Copy down every line of the data that follows exactly. Omit the pictures.

■ PROVIDED MATERIAL:
_ _ _

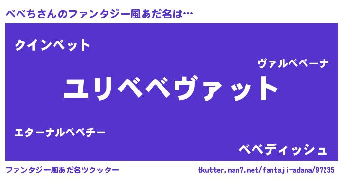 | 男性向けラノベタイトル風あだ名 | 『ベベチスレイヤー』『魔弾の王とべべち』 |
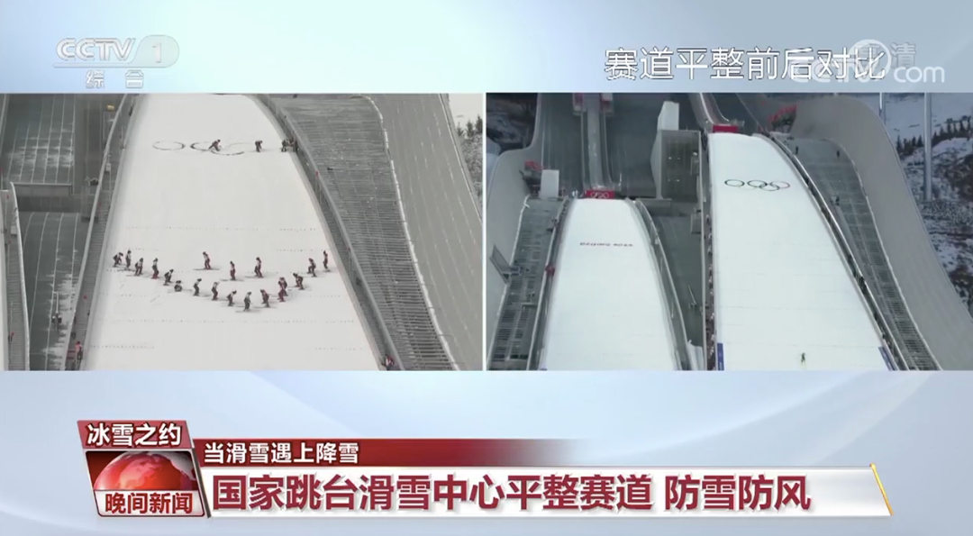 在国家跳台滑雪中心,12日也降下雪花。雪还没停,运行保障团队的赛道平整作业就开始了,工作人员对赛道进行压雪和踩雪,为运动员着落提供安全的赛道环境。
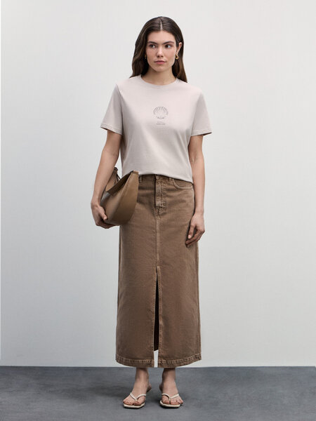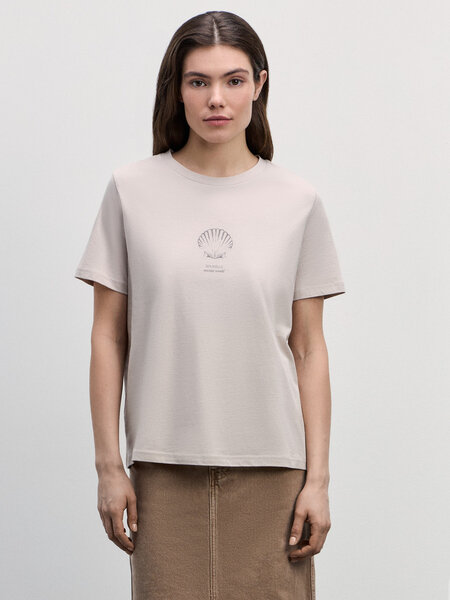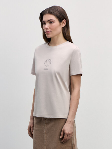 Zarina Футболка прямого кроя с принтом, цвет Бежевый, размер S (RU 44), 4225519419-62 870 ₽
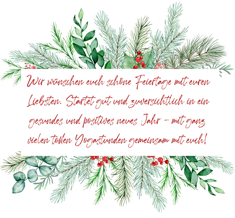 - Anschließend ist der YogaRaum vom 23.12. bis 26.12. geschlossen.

_ _ _

■ OUTPUT BELOW:
 | 男性向けラノベタイトル風あだ名 | 『ベベチスレイヤー』『魔弾の王とべべち』 |
 在国家跳台滑雪中心,12日也降下雪花。雪还没停,运行保障团队的赛道平整作业就开始了,工作人员对赛道进行压雪和踩雪,为运动员着落提供安全的赛道环境。
 Zarina Футболка прямого кроя с принтом, цвет Бежевый, размер S (RU 44), 4225519419-62 870 ₽
 - Anschließend ist der YogaRaum vom 23.12. bis 26.12. geschlossen.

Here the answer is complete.